Data supplied:
------------------------------------------------------------------------
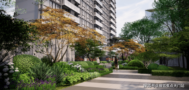 坐落于社区中轴线正中的央景楼座,是园林景观最为集中、生活最为静谧的区域。
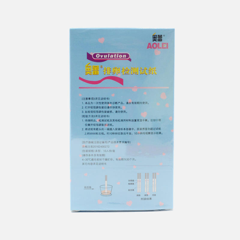 Tiras de prueba de ovulación Aolei, caja de 10 pruebas, método de oro coloidal para monitoreo de fertilidad
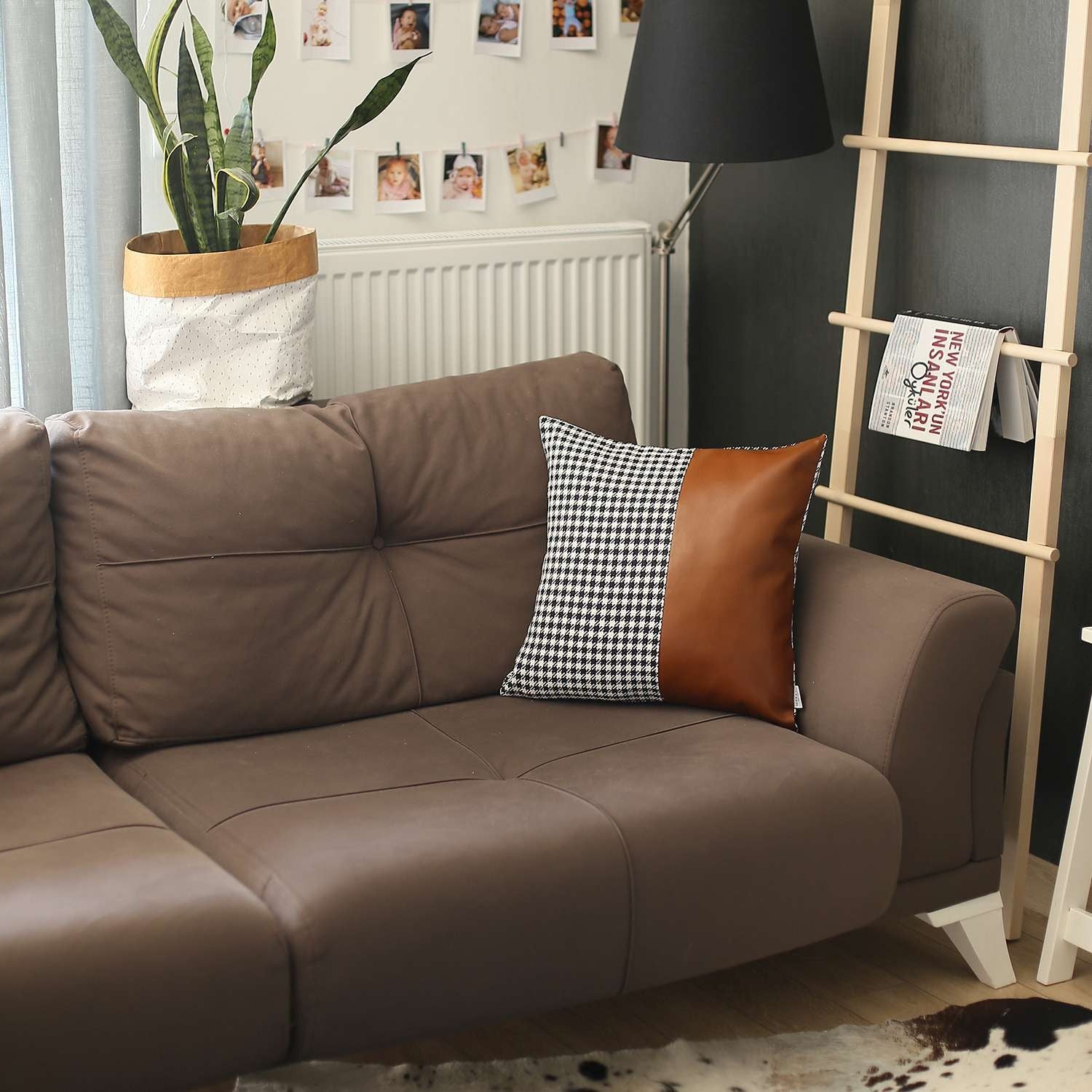 18" X 18" Brown Houndstooth Zippered Handmade Polyester Throw Pillow Cover
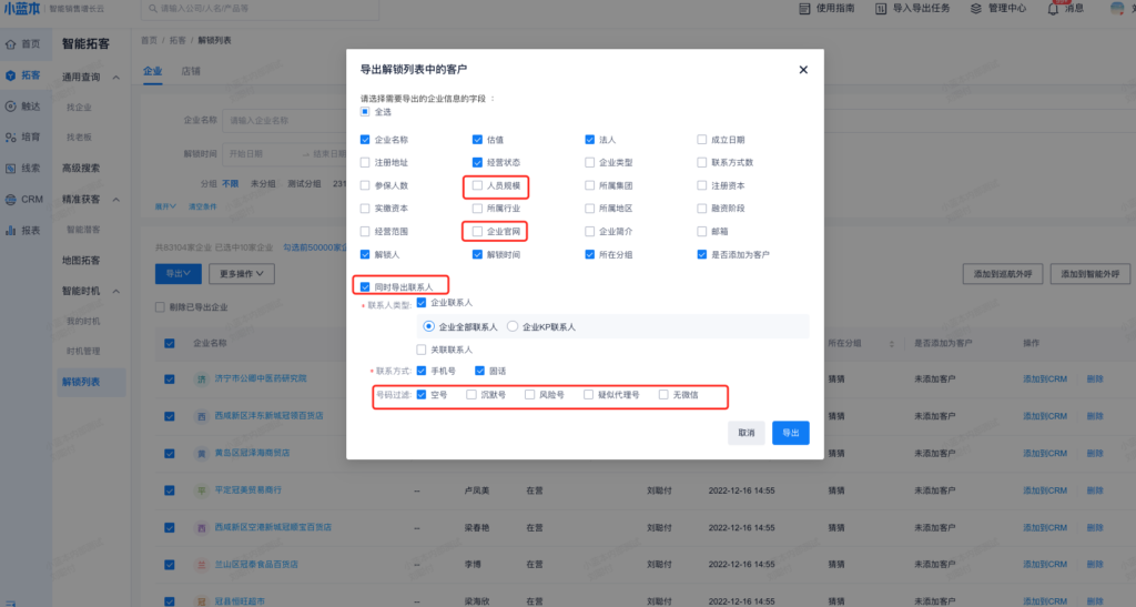 - 解锁列表导出,企业信息字段,新增:人员规模、企业官网;
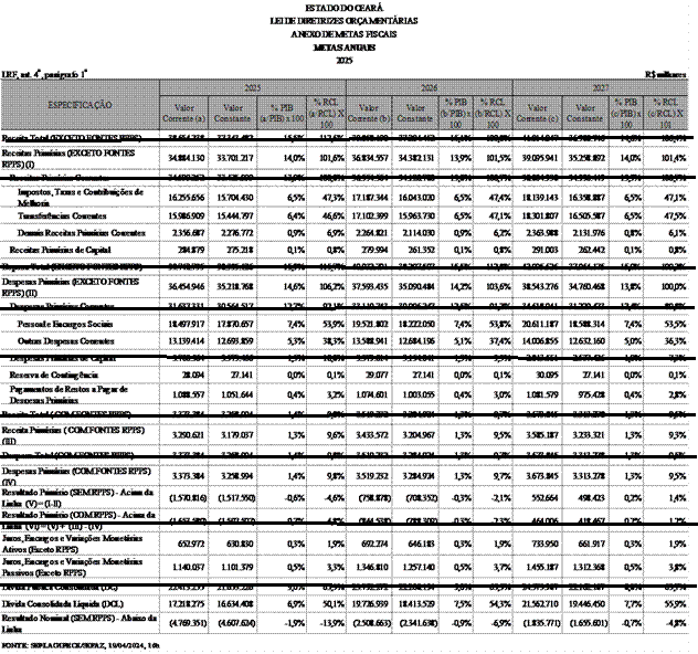 Desse modo, o Estado do Ceará estimou parcela do crescimento do ICMS em 2025 no valor aproximado de R$ 322,8 milhões de reais para fazer face a novas despesas de caráter continuado.
------------------------------------------------------------------------
The problem: Whenever a line holds a picture, print that line without the picture. All other data must be output exactly.

Answer space:
 坐落于社区中轴线正中的央景楼座,是园林景观最为集中、生活最为静谧的区域。
 Tiras de prueba de ovulación Aolei, caja de 10 pruebas, método de oro coloidal para monitoreo de fertilidad
 18" X 18" Brown Houndstooth Zippered Handmade Polyester Throw Pillow Cover
 - 解锁列表导出,企业信息字段,新增:人员规模、企业官网;
 Desse modo, o Estado do Ceará estimou parcela do crescimento do ICMS em 2025 no valor aproximado de R$ 322,8 milhões de reais para fazer face a novas despesas de caráter continuado.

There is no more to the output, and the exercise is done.